English 3

Monday, March 19, 2007

Regionalism or Local Color

Became dominant between the Civil War and the end of the nineteenth century

Blend of romanticism’s strange/exotic settings and realism’s accurate, detailed description

Focus is on characters, dialect, customs, and other features particular to a specific region

Setting is integral to the story

Narrator is usually an educated observer
Realism
Often defined as “the faithful representation of reality” or “verisimilitude”
An accurate representation and exploration of American lives in various contexts
Became dominant after the Civil War because of the Industrial Revolution, the rise of middle class, literacy, and education
Diction is natural vernacular
Tone may be serious, satiric, humorous
Subjects are people living in society and their relationships: birth, death, money, love, courtship, marriage, childhood, adolescence, parenthood, infidelity, social problems of times
Mixed characters, not idealized -- both good & bad, strong & weak elements
Conflicts: protagonist (not “hero”) vs. antagonist (not “villain”)

Naturalism
Apply scientific principles of objectivity and detachment to human beings

Focus is on philosophical position – determinism, a theory or doctrine that acts of the will, occurrences in nature, or social or psychological phenomena are causally determined by preceding events or natural laws

Human beings as “products” of their environment are studied impartially, without moralizing about their natures.

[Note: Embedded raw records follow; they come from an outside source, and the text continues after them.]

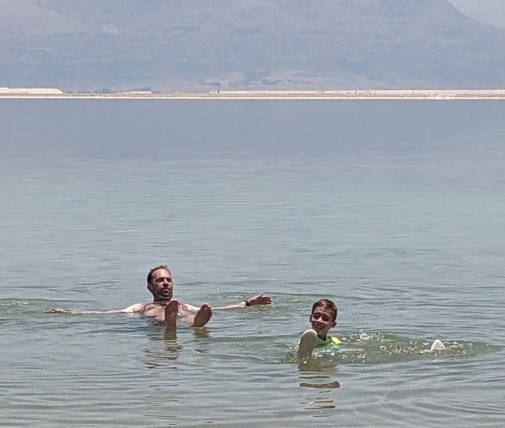 First of all, the dead sea is evaporating and they say within 30 years it will be gone. We even saw a land bridge where you could cross from Jordan to Israel via the dead sea. So everything was very very hot. It was only 100 degrees (i say only because i think it got 20 degrees hotter the following week) but the sand was too hot to walk on bare foot. The dead sea water felt like it was boiling. I’ve never gone in such hot water before. The salt also seemed to be way more concentrated because my kids and I could only stand it for a few minutes before running out for the showers to get the salt off us. My husband, however, somehow was unbothered by the salt and stayed in for nearly an hour.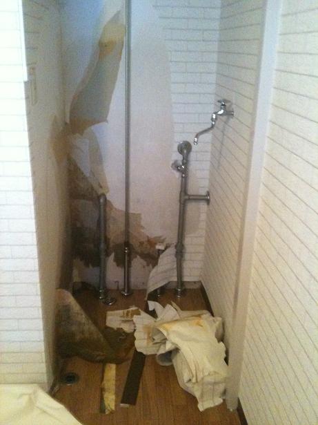 写真は業者さんがべろんべろんにクロスを剥がし、壁を空けた状態。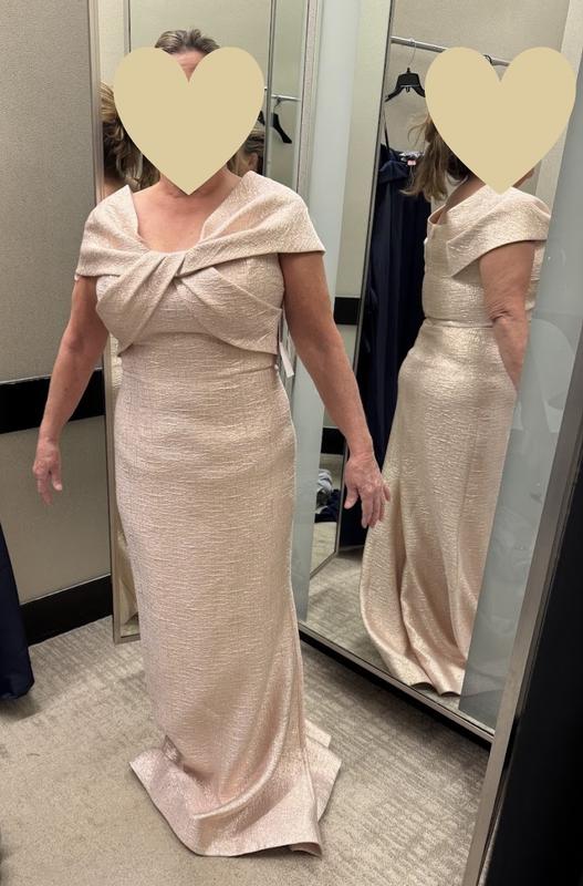 MOG dress for an Aug black tie wedding is pretty, fits well and the texture and fabric are beautiful. Was not 100% sure this is the dress b/c does not have all the glitz. I repurchased Champagne color. I can dress up w/ jewelry. Have to get the sides tailored. I went up to a size 8 from a 6 b/c snug around my swimmers back. I’m 125 pounds, 5 ft 6in. Highly recommend.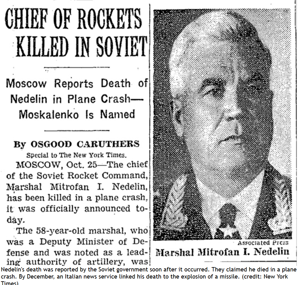 Tờ New York Times đưa tin vào ngày 25/10/1960 rằng Liên Xô thông báo cái chết của Nguyên soái Nedelin là do tai nạn máy bay.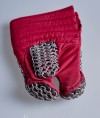 We use only 100% natural materials for sewing and padding. Mail inserts on the fingers are being made of mild steel rings 2 x 10 mm. Type of butting is 4 rings in 1.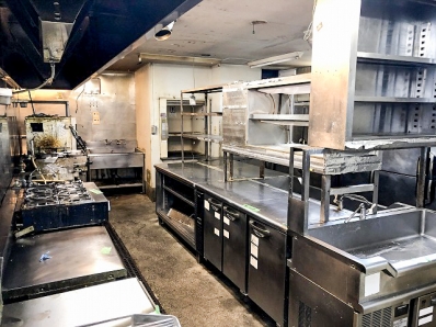 約250坪の大型飲食店の閉店に伴い、厨房機器や店舗什器の買取撤去を実施しました。当初、全て廃棄予定であった残置物を可能な限り買い取ることで、不要な廃棄費用を減らし、撤去にかかる総工費を削減することができました。
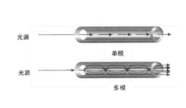 按光在光纖中的傳輸模式可分為:?jiǎn)文9饫w和多模光纖。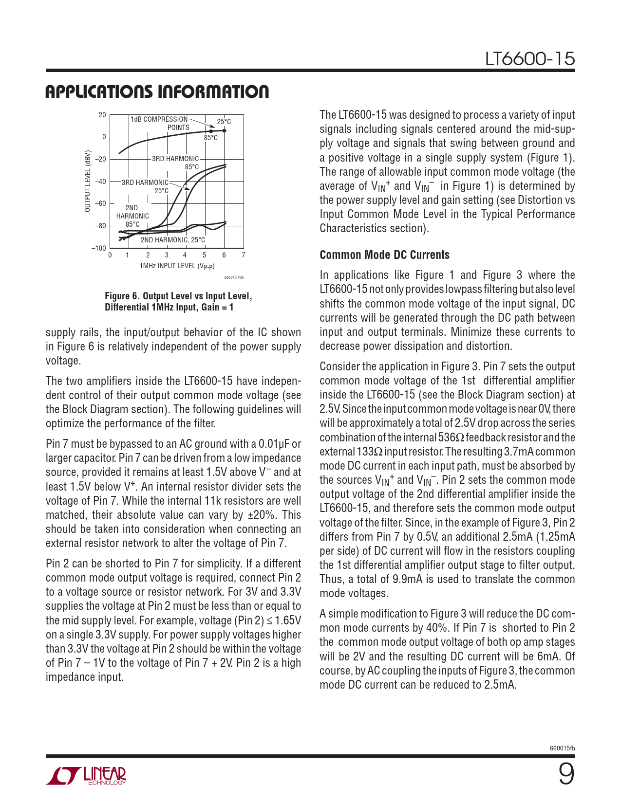 1MHz INPUT LEVEL (VP-P) 660015 F06 In applications like Figure 1 and Figure 3 where the LT6600-15 not only provides lowpass fi ltering but also level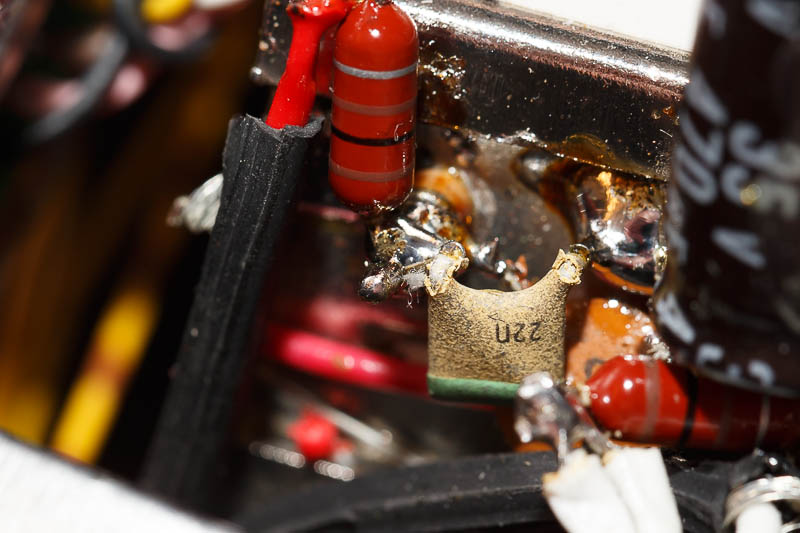 - Er zitten verschillende 220uF condensatoren in, let op de spanningswaarden.

Narrator is objective, detached, distant, unemotional

Characters are often ill-educated or lower-class whose lives are governed by the forces of heredity, instinct, and passion. Characters struggle to retain a “veneer of civilization” despite external pressures that threaten to release the “brute within.”

Conflicts are usually “man against nature” or “man against himself” or both.

Nature is an indifferent force acting on the lives of human beings.

Human beings, affected and afflicted by the forces of heredity and environment, attempt to exercise free will, but in the naturalist’s indifferent, deterministic universe, free will is an illusion.